§ **Work task**
What is needed is an exact reproduction of the lines from the one that contains "魅惑の可変S字スラロームアク" through the end of the data, both included and nothing else, with pictures omitted.

======== Data below

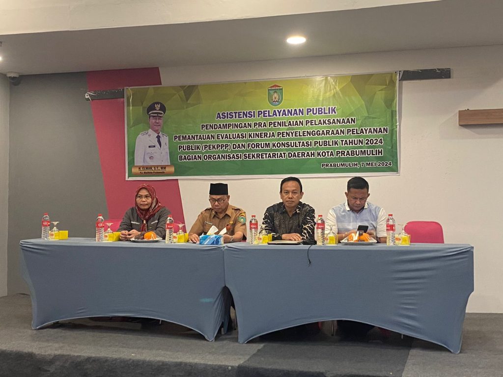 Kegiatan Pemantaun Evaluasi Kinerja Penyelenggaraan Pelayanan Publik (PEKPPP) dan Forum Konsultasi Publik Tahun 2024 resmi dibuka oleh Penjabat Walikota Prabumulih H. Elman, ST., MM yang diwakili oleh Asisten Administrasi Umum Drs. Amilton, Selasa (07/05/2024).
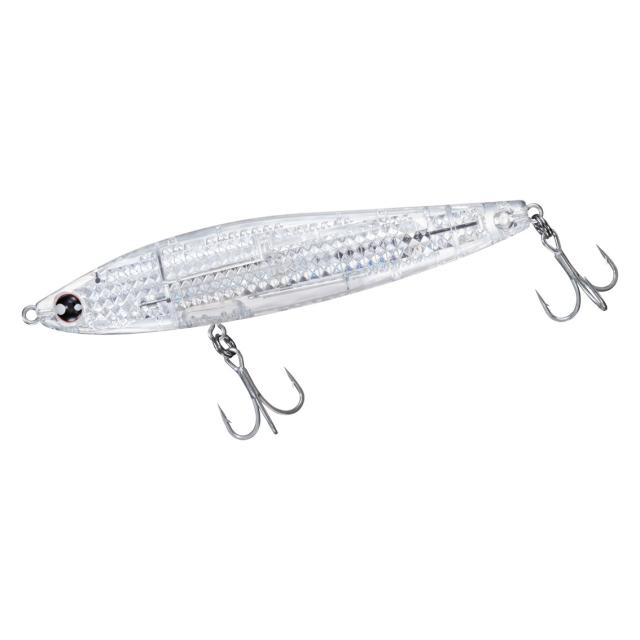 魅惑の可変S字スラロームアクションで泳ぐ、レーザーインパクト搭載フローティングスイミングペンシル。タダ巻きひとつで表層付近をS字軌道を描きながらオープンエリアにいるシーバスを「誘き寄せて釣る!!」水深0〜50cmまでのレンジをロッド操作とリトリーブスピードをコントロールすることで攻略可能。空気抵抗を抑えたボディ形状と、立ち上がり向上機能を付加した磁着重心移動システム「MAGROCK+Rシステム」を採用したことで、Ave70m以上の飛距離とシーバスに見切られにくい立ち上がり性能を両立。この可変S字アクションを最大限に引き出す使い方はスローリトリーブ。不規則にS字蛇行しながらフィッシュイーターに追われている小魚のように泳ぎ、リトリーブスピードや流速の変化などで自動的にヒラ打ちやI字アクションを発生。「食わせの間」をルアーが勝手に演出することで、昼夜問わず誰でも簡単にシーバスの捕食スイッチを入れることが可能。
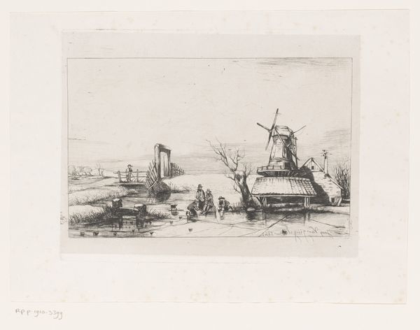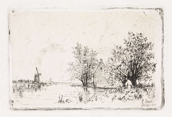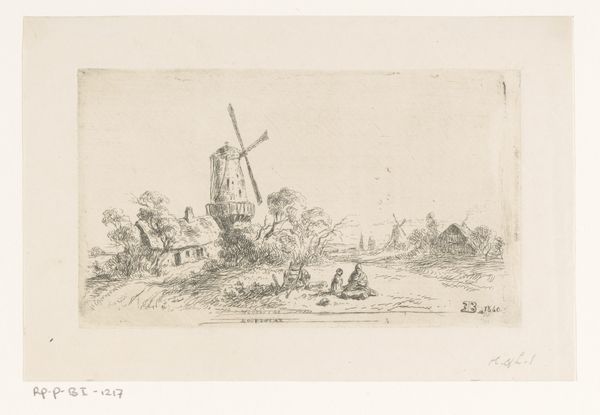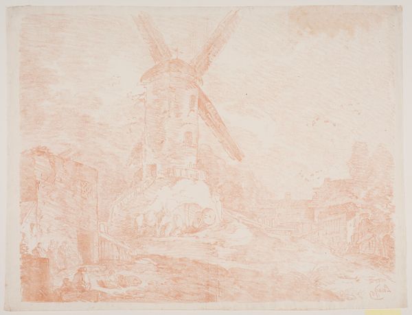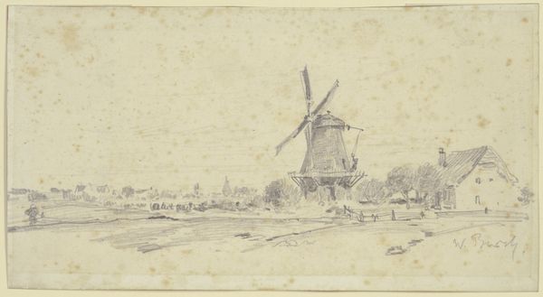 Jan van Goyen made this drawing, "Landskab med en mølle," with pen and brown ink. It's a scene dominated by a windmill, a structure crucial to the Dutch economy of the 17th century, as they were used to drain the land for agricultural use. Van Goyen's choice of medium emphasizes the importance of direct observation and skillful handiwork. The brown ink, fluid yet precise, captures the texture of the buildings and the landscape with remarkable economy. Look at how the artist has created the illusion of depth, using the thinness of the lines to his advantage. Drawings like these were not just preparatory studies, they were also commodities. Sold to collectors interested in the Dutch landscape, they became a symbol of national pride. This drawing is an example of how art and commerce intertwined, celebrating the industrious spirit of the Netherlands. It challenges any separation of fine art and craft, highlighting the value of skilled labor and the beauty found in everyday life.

================

§ **Solution to this task**
 魅惑の可変S字スラロームアクションで泳ぐ、レーザーインパクト搭載フローティングスイミングペンシル。タダ巻きひとつで表層付近をS字軌道を描きながらオープンエリアにいるシーバスを「誘き寄せて釣る!!」水深0〜50cmまでのレンジをロッド操作とリトリーブスピードをコントロールすることで攻略可能。空気抵抗を抑えたボディ形状と、立ち上がり向上機能を付加した磁着重心移動システム「MAGROCK+Rシステム」を採用したことで、Ave70m以上の飛距離とシーバスに見切られにくい立ち上がり性能を両立。この可変S字アクションを最大限に引き出す使い方はスローリトリーブ。不規則にS字蛇行しながらフィッシュイーターに追われている小魚のように泳ぎ、リトリーブスピードや流速の変化などで自動的にヒラ打ちやI字アクションを発生。「食わせの間」をルアーが勝手に演出することで、昼夜問わず誰でも簡単にシーバスの捕食スイッチを入れることが可能。
 Jan van Goyen made this drawing, "Landskab med en mølle," with pen and brown ink. It's a scene dominated by a windmill, a structure crucial to the Dutch economy of the 17th century, as they were used to drain the land for agricultural use. Van Goyen's choice of medium emphasizes the importance of direct observation and skillful handiwork. The brown ink, fluid yet precise, captures the texture of the buildings and the landscape with remarkable economy. Look at how the artist has created the illusion of depth, using the thinness of the lines to his advantage. Drawings like these were not just preparatory studies, they were also commodities. Sold to collectors interested in the Dutch landscape, they became a symbol of national pride. This drawing is an example of how art and commerce intertwined, celebrating the industrious spirit of the Netherlands. It challenges any separation of fine art and craft, highlighting the value of skilled labor and the beauty found in everyday life.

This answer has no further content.